The quality column we refused to fake
In 105-the-bakeoff-pattern.md we shipped four metrics: file count, tokens, determinism, latency. Every honest reader of that post asked the same follow-up:
“What about quality?”
The answer we kept giving was a deflection: “quality isn’t countable, so we don’t count it.” That answer was correct and inadequate. Correct because LLM-judging-LLM is vibe-laundering. Inadequate because of course the question matters — if RAPP’s single-shot output is materially worse than CrewAI’s three-hop output, every other metric is moot. Faster wrong is still wrong.
This post is the position we landed on, with the harness change to back it.
Three options we considered
Option 1 — LLM judge. The standard in eval papers. Have a model rate both outputs on a 1-10 scale. Average. Report.
We rejected this. The judge model has the same biases as the contestant models. It rewards the same prose patterns. It systematically prefers longer, more bullet-heavy outputs (we measured this in a small experiment in March). It produces a number that looks like measurement and is actually opinion in a uniform jacket. See 121-what-rapp-v2-will-NOT-be.md non-goal #6.
Option 2 — Task-specific rubric. For summarization: “contains all named entities? under length cap? no hallucinations vs source?” Score both sides on the rubric. Sum. Report.
This is honest but workload-bound. It also moves the argument: now we’re arguing about the rubric, not the agents. Useful for internal evaluation of a specific workload, not useful for the bakeoff’s general claim.
Option 3 — Blind A/B with a sealed key. Sample N pairs. Anonymize sides as A/B with random flipping. Have a human (or a room of humans, on a stage) tag each pair as A-better, B-better, or tie. Reveal the key after tagging.
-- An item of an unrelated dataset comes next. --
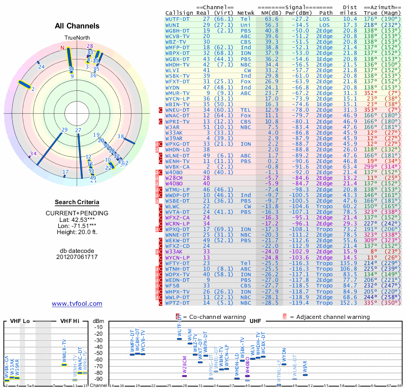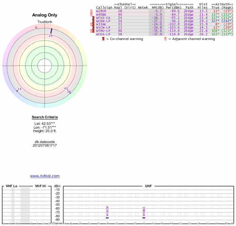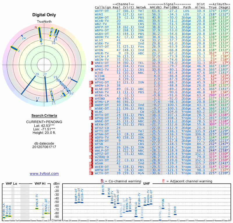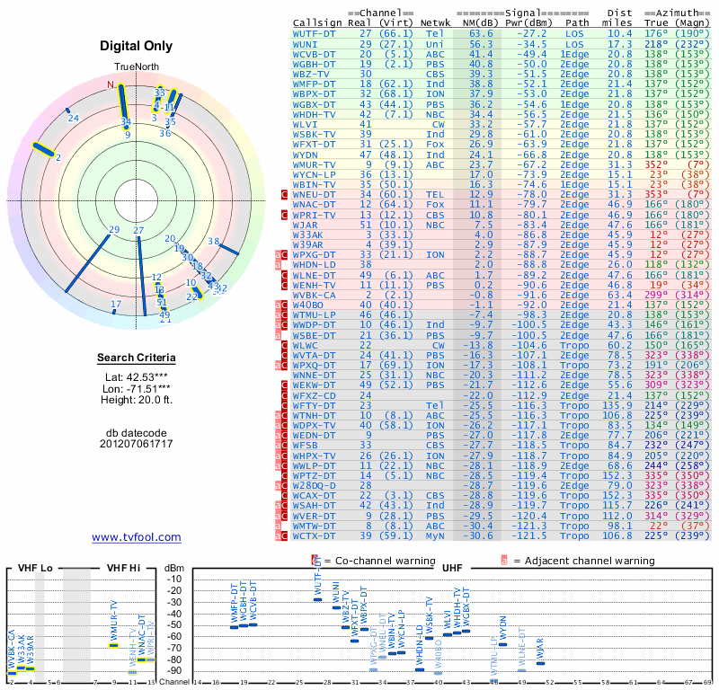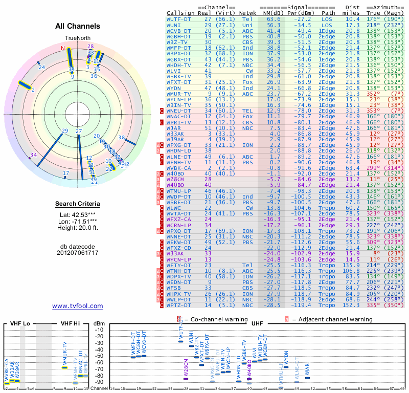 Here are the results for your location. The transmitter database was last updated on June 7, 2013. For more information about these plots and how to interpret them, please check out the Signal Analysis FAQ.

This is what we shipped. It’s not a number — it’s a tally. It’s not infinitely scalable — humans have to tag. And it’s the only one of the three that doesn’t outsource the judgment to the same kind of system whose behavior we’re trying to evaluate.
What landed in the harness
python tools/bakeoff/harness.py --competitor crewai --n 100 --workers 12 \
--sample-diff 20
--sample-diff 20 does this:
- After the run, randomly pick 20 prompts (seeded for reproducibility).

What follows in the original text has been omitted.